In 2019, former Atlanta Mayor Keisha Lance Bottoms signed legislation that created a task-force to study closing the city’s jail and turning it into an “equity center” to address homelessness, mental illness, and poverty in Atlanta. But, due in part to the sheriff’s requests to use the jail, those plans have stalled, and the city has instead floated the idea of selling the mostly-empty jail to the county. The city council is now considering turning a local hospital site into an equity center in place of the jail.

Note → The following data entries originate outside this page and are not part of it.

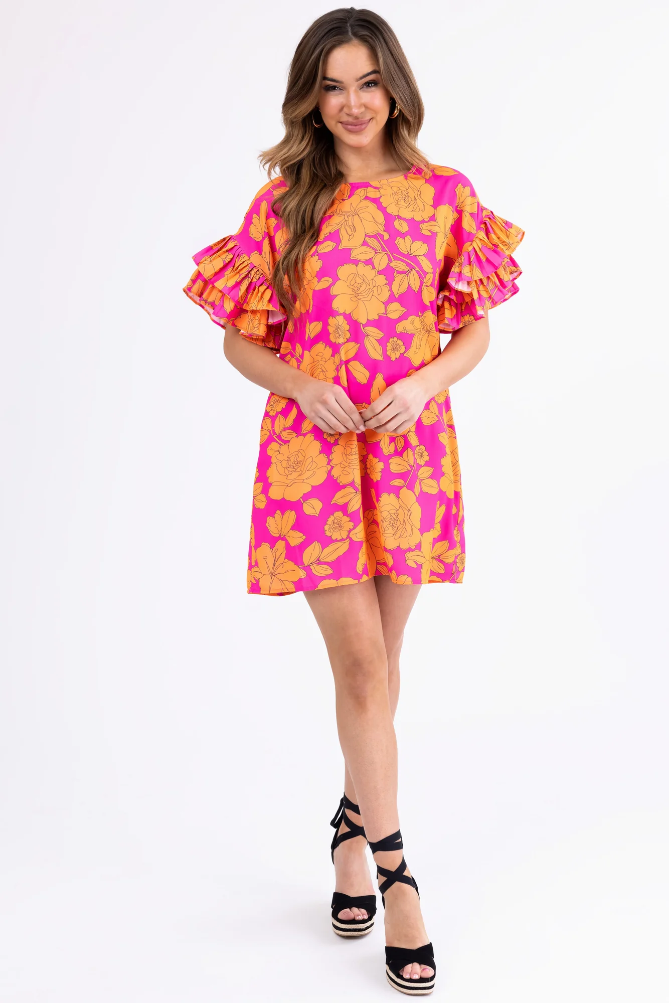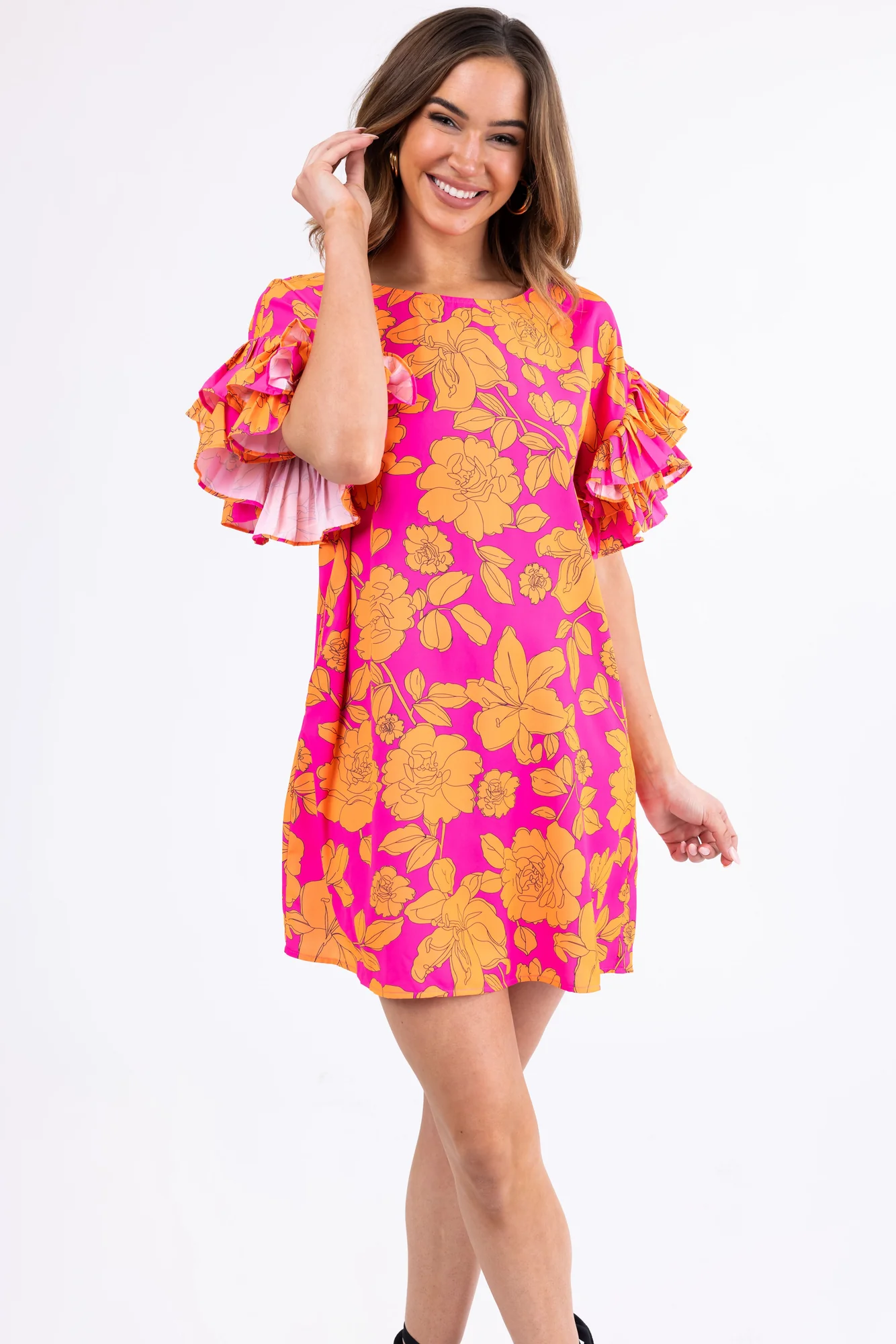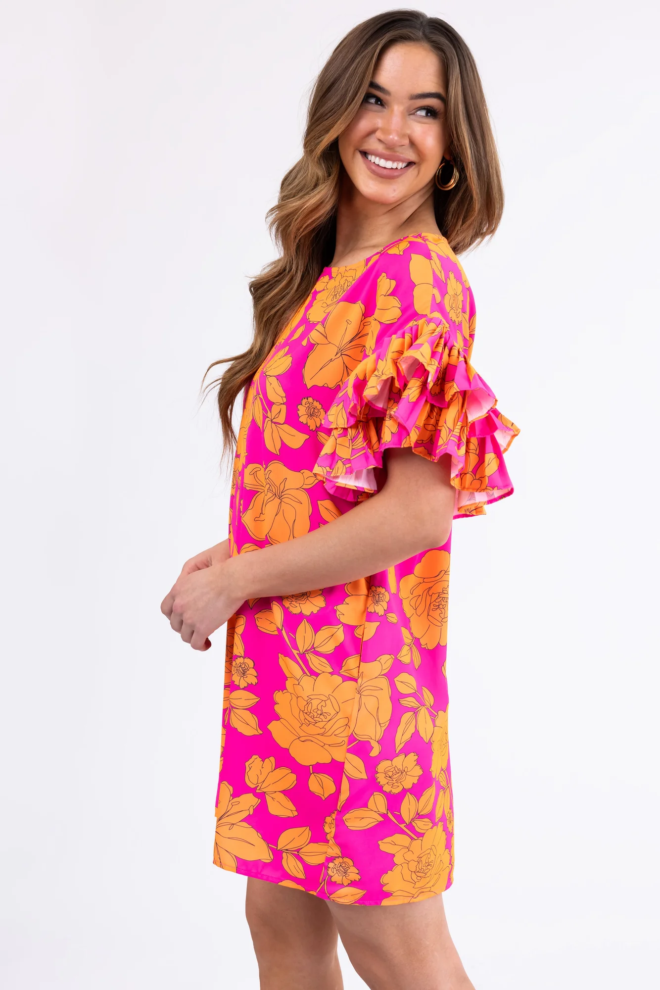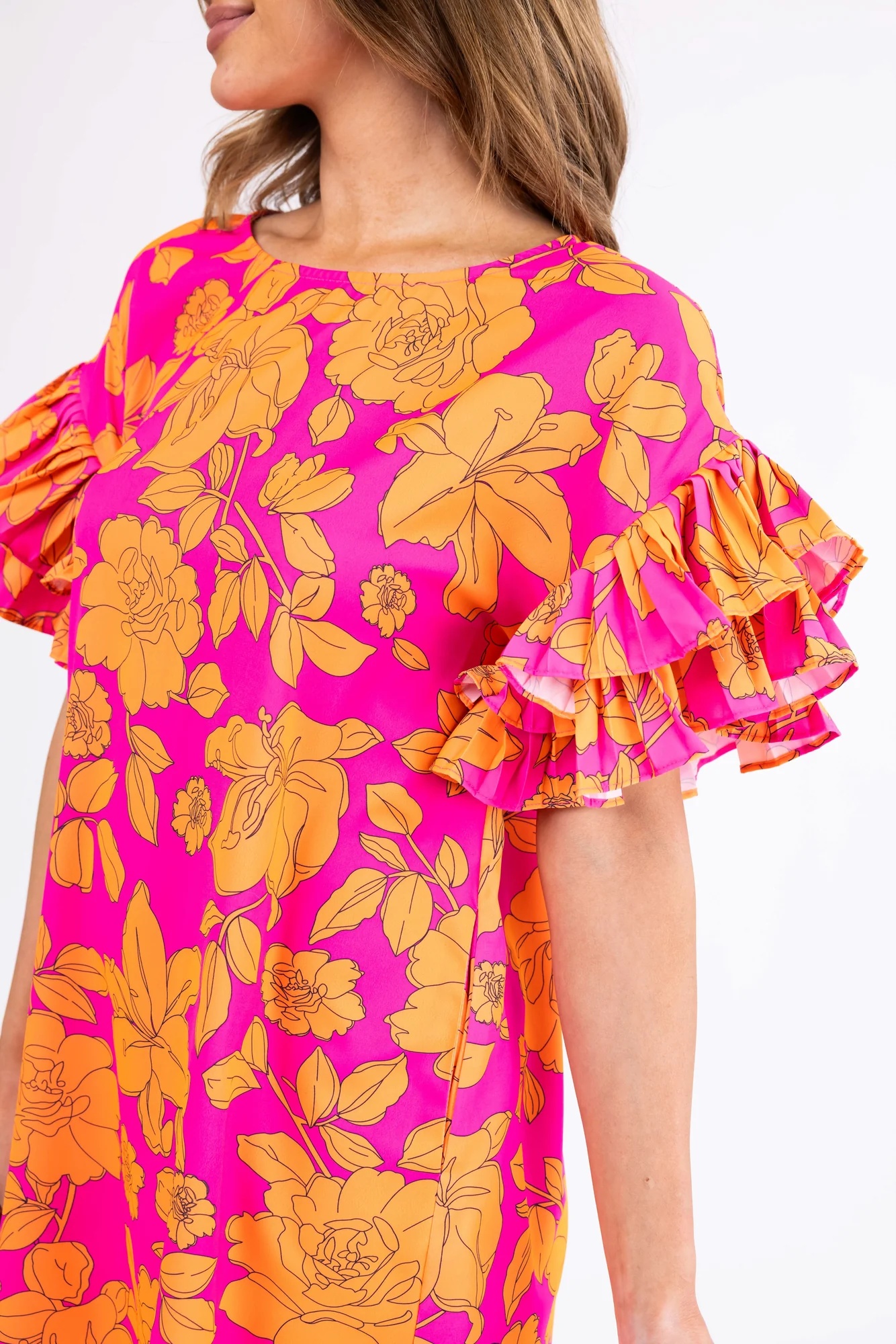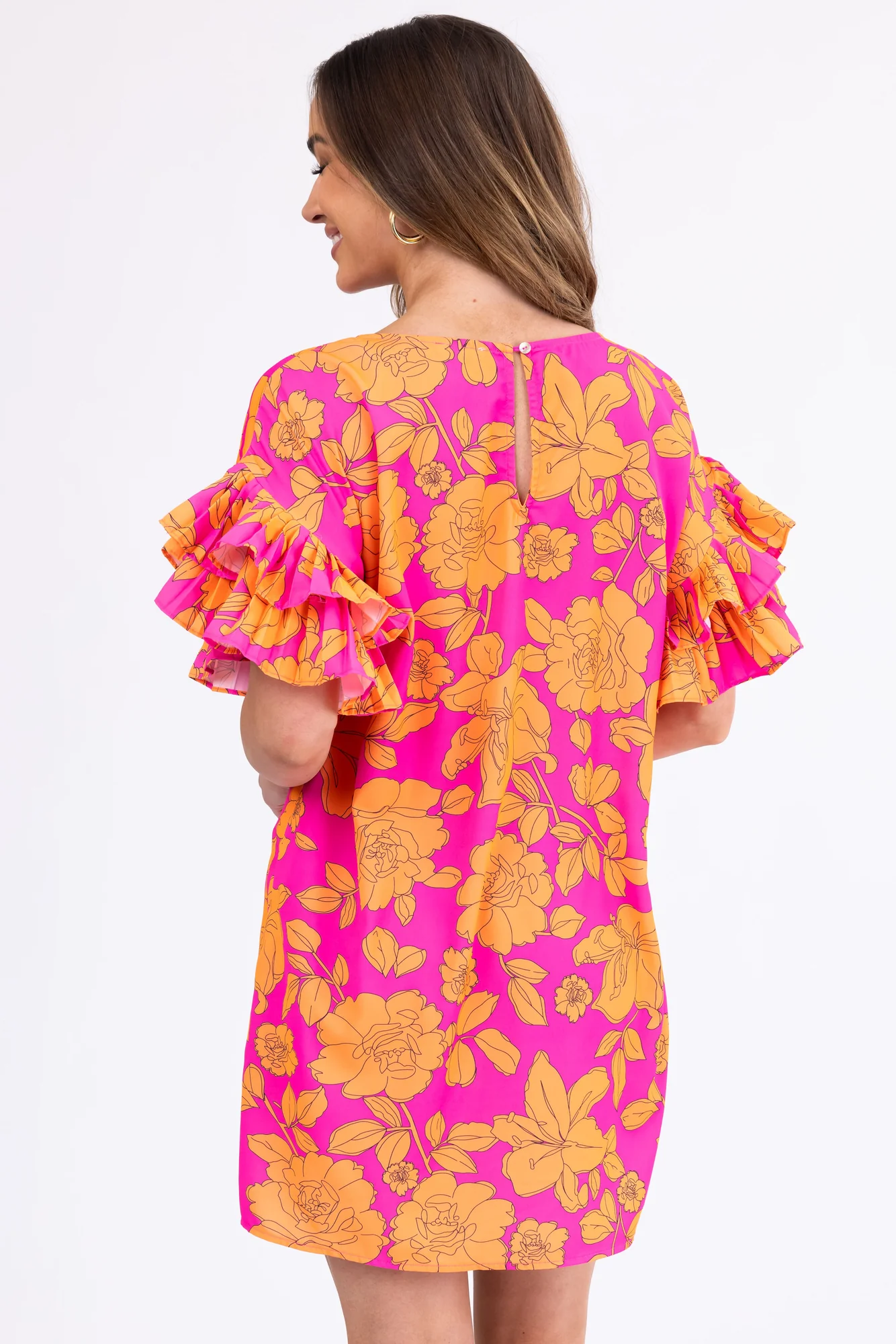 This beautiful short dress in Magenta and Tangerine features ruffled half sleeves, a round neckline, and pockets. Made of 100% Polyester, it has a loose fit that fits true to size. Perfect for casual or daytime occasions, the dress has a floral print, a keyhole back with a button closure, and is unlined. Ideal for spring and summer, this non-stretchy woven dress with a drop shoulder is a must-have for your wardrobe. Hand wash cold and line dry for best care. Variations may occur due to the cutting and sewing process. Model featured is wearing a size Small.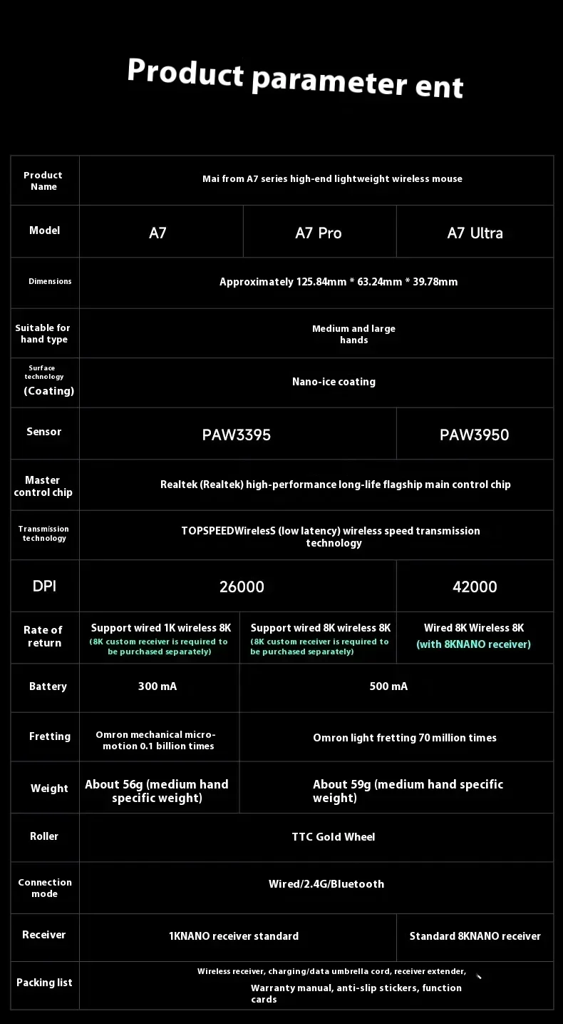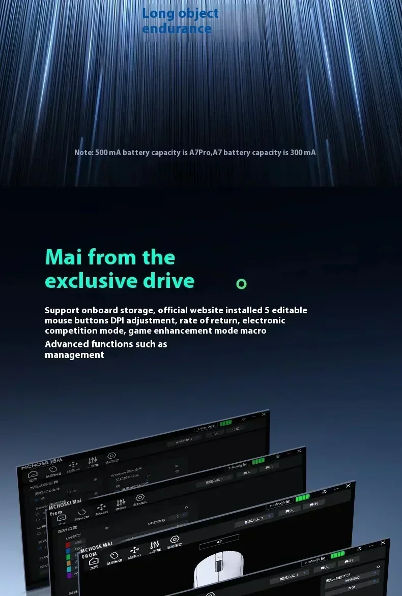 MCHOSE A7 Pro ratón Ultra inalámbrico multimodo para juegos y deportes electrónicos PAW3950 ligero 42000 ppp 8K ergonómico de retardo bajo 500mAh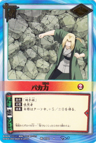 ![]() ![]() | 術-194 バカ力 術 巻ノ十 受け継ぎ託すもの編 R シンボル:火 コスト:2 【条件】「綱手姫」 【目標】使用者 【効果】目標はターン中、+5/±0を得る。 「相変わらずのバカ力・・・一発でもくらったらそれで終わりよ」 |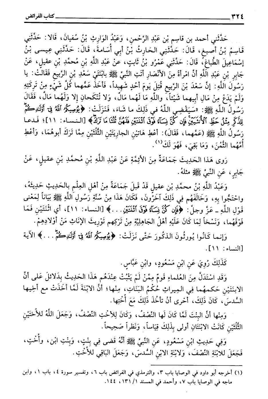 حَدَّثَنِي أَحْمَدُ بْنُ قَاسِمِ بْنِ عَبْدِ الرَّحْمَنِ وَعَبْدُ الْوَارِثِ بْنُ سُفْيَانَ قَالَا حَدَّثَنِي قَاسِمُ بْنُ أَصْبَغَ قَالَ حَدَّثَنِي الْحَارِثُ بْنُ أَبِي اسامة قال حدثني عيسى بن إسماعيل الطباغ قَالَ حَدَّثَنِي عَمْرُو بْنُ ثَابِتٍ عَنْ عَبْدِ اللَّهِ بْنِ مُحَمَّدِ بْنِ عَقِيلٍ عن جابر بْنِ عَبْدِ اللَّهِ أَنَّ امْرَأَةً مِنَ الْأَنْصَارِ أَتَتِ النَّبِيَّ صَلَّى اللَّهُ عَلَيْهِ وَسَلَّمَ بِابْنَتَيْ سَعْدِ بْنِ الرَّبِيعِ فَقَالَتْ يَا رَسُولَ اللَّهِ إِنْ سَعْدَ بْنَ الرَّبِيعِ قُتِلَ يَوْمَ أُحُدٍ شَهِيدًا فَأَخَذَ عَمُّهُمَا كُلَّ شَيْءٍ مِنْ تَرِكَتِهِ وَلَمْ يَدَعْ مِنْ مَالِ أَبِيهِمَا شَيْئًا وَاللَّهِ ما لهما مال ولا تنكحان إلا ولهما مَالٌ فَقَالَ رَسُولُ اللَّهِ صَلَّى اللَّهُ عَلَيْهِ وَسَلَّمَ ((سَيَقْضِي اللَّهُ فِي ذَلِكَ مَا شَاءَ فنزلت (يوصيكم الله في أولادكم للذكر مثل حَظِّ الْأُنْثَيَيْنِ فَإِنْ كُنَّ نِسَاءً فَوْقَ اثْنَتَيْنِ فَلَهُنَّ ثُلُثَا مَا تَرَكَ) النِّسَاءِ 11 فَدَعَا رَسُولُ اللَّهِ صَلَّى اللَّهُ عَلَيْهِ وَسَلَّمَ (عَمَّهُمَا فَقَالَ) أَعْطِ هَاتَيْنِ الْجَارِيَتَيْنِ الثُّلُثَيْنِ مِمَّا تَرَكَ أَبُوهُمَا وأعط أمهما الثمن وما بقي فهو لك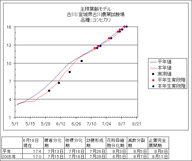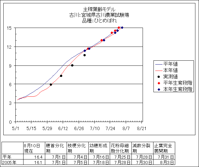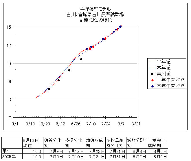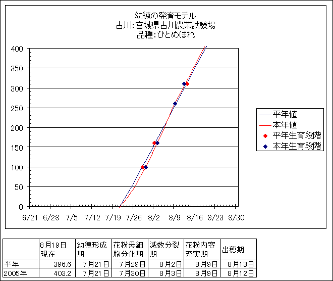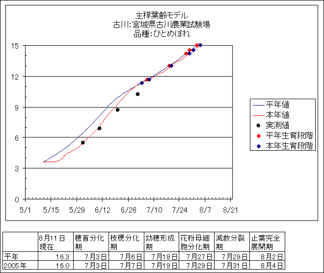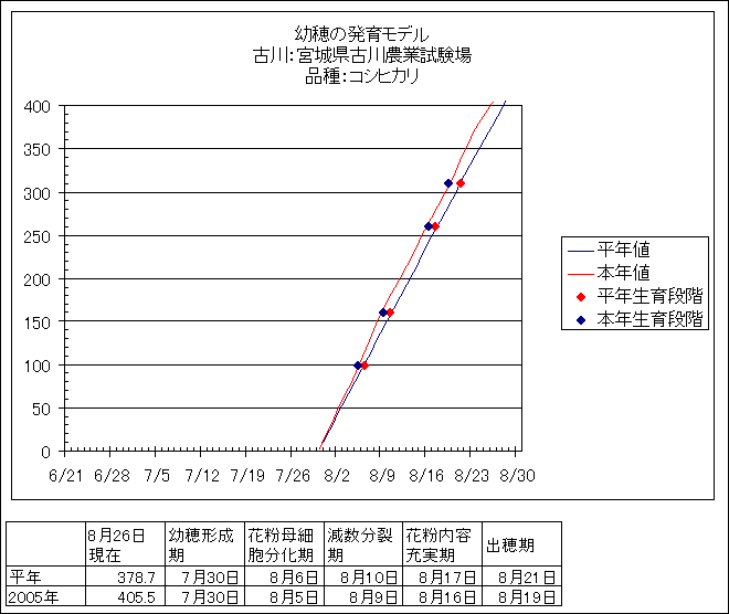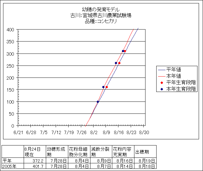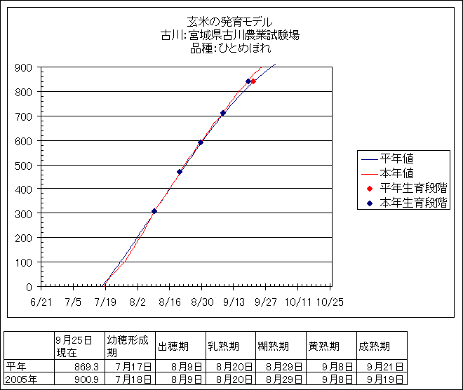 | 宮城県古川農業試験場 | ひとめぼれ | <葉齢進度予測編> | ・ | <穂の発育予測編> | ・ | <玄米の発育予測編> |

The city’s process has infuriated justice reformers. On October 3, more than 60 nonprofits and civil-rights organizations sent an open letter to the Atlanta City Council and Mayor Andre Dickens warning that the city’s agreement with the sheriff would “result in more people being locked up.”

“The Fulton County Sheriff claims that additional space is needed to alleviate overcrowding in his jails,” the letter stated. “But Fulton County’s claim of overcrowding is a manufactured crisis.”